» **Prompt**
Only one stretch of the data below is wanted: the lines from the one with "1 Samuel 7:8" through the one with "管理学院第二十三、第二十四届各部门部长依次上台进行信物交接。", repeated exactly.
Dataset Block Start
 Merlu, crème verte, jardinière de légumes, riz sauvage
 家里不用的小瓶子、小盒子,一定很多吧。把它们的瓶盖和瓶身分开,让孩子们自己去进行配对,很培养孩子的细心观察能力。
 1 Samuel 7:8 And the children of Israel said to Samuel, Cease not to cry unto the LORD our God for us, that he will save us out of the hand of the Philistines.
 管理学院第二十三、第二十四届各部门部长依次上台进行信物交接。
Dataset Block End
Dataset Block Start
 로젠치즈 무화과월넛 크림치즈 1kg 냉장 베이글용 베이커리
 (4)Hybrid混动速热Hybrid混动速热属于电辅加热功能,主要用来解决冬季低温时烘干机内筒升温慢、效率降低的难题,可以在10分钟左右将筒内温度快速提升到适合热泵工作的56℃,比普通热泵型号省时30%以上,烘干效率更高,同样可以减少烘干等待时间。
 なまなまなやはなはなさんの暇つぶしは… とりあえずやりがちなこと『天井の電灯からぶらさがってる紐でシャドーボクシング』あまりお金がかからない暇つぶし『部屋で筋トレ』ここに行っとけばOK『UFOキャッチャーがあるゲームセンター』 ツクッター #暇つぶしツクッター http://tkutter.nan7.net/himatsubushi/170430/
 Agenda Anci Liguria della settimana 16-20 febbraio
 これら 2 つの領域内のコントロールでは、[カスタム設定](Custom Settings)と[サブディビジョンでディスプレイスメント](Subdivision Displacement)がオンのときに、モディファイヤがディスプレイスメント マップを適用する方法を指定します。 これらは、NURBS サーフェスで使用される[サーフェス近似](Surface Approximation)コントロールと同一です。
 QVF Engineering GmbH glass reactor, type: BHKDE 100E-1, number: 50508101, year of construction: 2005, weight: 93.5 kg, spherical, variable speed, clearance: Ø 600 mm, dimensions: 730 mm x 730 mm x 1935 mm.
Dataset Block End
» **Task solution**
 1 Samuel 7:8 And the children of Israel said to Samuel, Cease not to cry unto the LORD our God for us, that he will save us out of the hand of the Philistines.
 管理学院第二十三、第二十四届各部门部长依次上台进行信物交接。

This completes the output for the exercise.